Figure 1. Automatic segmentation and noise reduction algorithm for 3D visualization. 3D renderings of a part of the cochlea in sample S1 (5.5 μm resolution) showing the steps of automatic segmentation and noise reduction for 3D visualization corresponding to results in Figure 2. (A) Pre-processed volume (Table 3–Step 3) with structures of interest obscured by unconnected random noise. (B) Displays creating a mask (Table 4–Step 4). (C) Small unconnected particles are removed from the mask (Table 3–Step 5) and the mask is dilated (Table 3–Step 6,7). (D) The resulting volume after masking (Table 3–Step 8). *Tunnel of Corti. ST, Scala tympani; SV, Scala vestibule; RM, Reissner's membrane; Mo, Modiolus.
Mathematica and 3D slicer were used for volume rendering. The scans were rendered using the VTK ray casting technique (Pieper et al., 2004; Schroeder et al., 2006). Color and transparency functions were chosen subjectively to optimize image quality and the ability to distinguish separate anatomical structures.
Performance of Contrast Enhanced Staining and Spatial Resolution
The OsO4 stain provided strong contrast in all included, unprocessed, micro-CT scans (Figures 2A,B,G,H). Myelinated nerve tissue could be clearly distinguished (Figures 2A,B). A magnified part of the cochlea (Figures 2G,H) demonstrates the level of detail and the difference obtained between a 10 μm and 5.5 μm resolution. A small substructure, in this case the tunnel of Corti which measures approximately 28 μm in diameter illustrates the increased resolving power for the 5.5 μm voxel resolution scan (Figures 2G,H).
Figure 2. Performance of contrast enhancement staining and noise reduction algorithms. Graphs show the cochlea in sample S1 in 10 and 5.5 μm resolution before processing (A,B,G,H), after processing for 2D visualization (C,D,I,J) and 3D visualization (E,F,K,L). Tunnel of Corti depicts the approximate smallest resolvable feature (28 μm) after noise reduction for 2D and 3D visualization. *Tunnel of Corti. ST, Scala tympani; SV, Scala vestibule; RM, Reissner's membrane; Mo, Modiolus.

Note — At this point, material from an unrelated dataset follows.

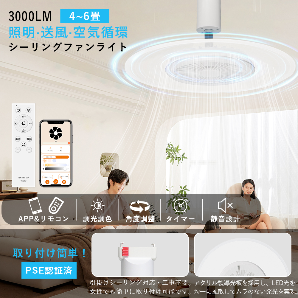 シーリングファンライト ファン付き照明 扇風機 扇風機付き照明 サーキュレーターライト シーリングライト 天井照明 ファン付きシーリングライト 照明器具 LEDシーリングライト LEDライト LED電球 LED天井ライト プロペラ照明 4.5畳 6畳 8畳 10畳 12畳 シーリングファンライト 静音 ファン付き照明 LED 天井 扇風機 ライト サーキュレーター 照明 スマート照明 ファン 寝室 ファンライト LED ファン 天井 畳数対応 畳数目安 畳用 畳対応 小部屋 中部屋 大部屋 リモコン付き リモコン操作 スマホ操作 スマートフォン対応 アプリ操作 スマート家電 音声操作 音声コントロール スマートスピーカー対応 タイマー機能付き 自動オフ APP対応 調光 調色 無段階調光 昼白色 電球色 明るさ調整 DCモーター 静音 強風 弱風 取り付け簡単 引掛シーリング対応 軽量設計 コンパクト設計 省エネ エコ 節電 風量切替 工事不要 引っ掛け対応 引掛けシーリング E26対応 簡単設置 天井取付 薄型 小型

Qualitative Assessment of the Performance of Noise Reduction Algorithms
For the 2D algorithm, noise in the volumes was visually decreased by the nonlinear local filters used (Figures 2C,D,I,J), compared to the original volumes (Figures 2A,B,G,H). Sharpening visually reduced the effect of blurring due to the smoothing in the noise reduction process. The algorithm for 3D visualization removed noise and increased contrast (Figures 2E,F,K,L), further than the 2D algorithm while reducing some detail (Figures 2I,J vs. Figures 2K,L). A higher local contrast and sharp delineation was achieved for the 3D algorithm. The automatic segmentation process was then able to segment the designated anatomical features achieving the result in Figure 1D. It was estimated that manual segmentation took 30 min.
Three-Dimensional Visualization of the Inner Ear Anatomy
Figure 3 visualized the qualitative improvement of contrast and sharper delineation in a comparison between volume rendering results of the same sample without any form of post-processing (Figure 3A) and with the 3D algorithm applied (Figure 3B). After post-processing the four samples, all of the 10μm resolution 3D renderings had sufficient spatial resolution to visualize the entire inner ear with appurtenant neural tissue and sensory organs (Figure 4). Visual tracing of the trajectory of myelinated nerve fibers in the cochlear nerve and vestibular nerve branches (superior and posterior) was possible. In some parts, the membranous labyrinth could be discerned from its bony encasement (▾ in Figures 4, 6)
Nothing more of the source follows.